[<prev] [next>] [day] [month] [year] [list]
Message-ID: <55409696.8010209@yandex-team.ru>
Date: Wed, 29 Apr 2015 11:30:14 +0300
From: Konstantin Khlebnikov <khlebnikov@...dex-team.ru>
To: "songxiumiao@...pur.com" <songxiumiao@...pur.com>,
Rob Herring <robherring2@...il.com>
CC: Grant Likely <grant.likely@...aro.org>,
"devicetree@...r.kernel.org" <devicetree@...r.kernel.org>,
Rob Herring <robh+dt@...nel.org>,
"linux-kernel@...r.kernel.org" <linux-kernel@...r.kernel.org>,
"sparclinux@...r.kernel.org" <sparclinux@...r.kernel.org>,
"linux-mm@...ck.org" <linux-mm@...ck.org>,
linuxppc-dev <linuxppc-dev@...ts.ozlabs.org>,
yanxiaofeng <yanxiaofeng@...pur.com>, x86@...nel.org,
linux-metag@...r.kernel.org
Subject: Re: [PATCH] of: return NUMA_NO_NODE from fallback of_node_to_nid()
+x86@...nel.org
+linux-metag@...r.kernel.org
here is proposed fix:
https://www.mail-archive.com/linux-kernel@vger.kernel.org/msg864009.html
It returns NUMA_NO_NODE from both static-inline (CONFIG_OF=n) and weak
version of of_node_to_nid(). This change might affect few arches which
whave CONFIG_OF=y but doesn't implement of_node_to_nid() (i.e. depends
on default behavior of weak function). It seems this is only metag.
From mm/ point of view returning NUMA_NO_NODE is a right choice when
code have no idea which numa node should be used -- memory allocation
functions choose current numa node (but they might use any).
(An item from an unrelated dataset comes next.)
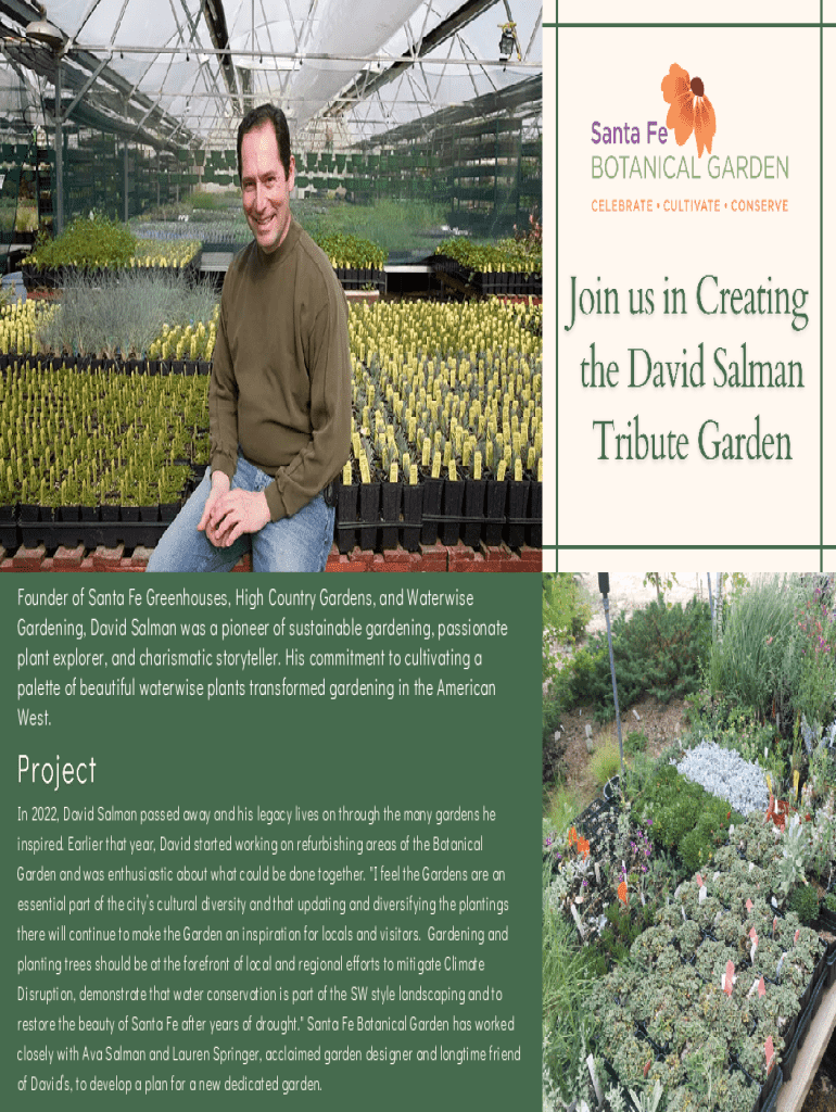 Founder of Santa Fe Greenhouses, High Country Gardens, and Waterwise Gardening, David Salman was a pioneer of sustainable gardening, passionate plant explorer, and charismatic storyteller. His commitment

On 29.04.2015 04:11, songxiumiao@...pur.com wrote:
> When we test the cpu and memory hotplug feature in the server with x86
> architecture and kernel4.0-rc4,we met the similar problem.
>
> The situation is that when memory in node0 is offline,the system is down
> during booting.
>
> Following is the bug information:
> [ 0.335176] BUG: unable to handle kernel paging request at
> 0000000000001b08
> [ 0.342164] IP: [<ffffffff81182587>] __alloc_pages_nodemask+0xb7/0x940
> [ 0.348706] PGD 0
> [ 0.350735] Oops: 0000 [#1] SMP
> [ 0.353993] Modules linked in:
> [ 0.357063] CPU: 0 PID: 1 Comm: swapper/0 Not tainted 4.0.0-rc4 #1
> [ 0.363232] Hardware name: Inspur TS860/TS860, BIOS TS860_2.0.0
> 2015/03/24
> [ 0.370095] task: ffff88085b1e0000 ti: ffff88085b1e8000 task.ti:
> ffff88085b1e8000
> [ 0.377564] RIP: 0010:[<ffffffff81182587>] [<ffffffff81182587>]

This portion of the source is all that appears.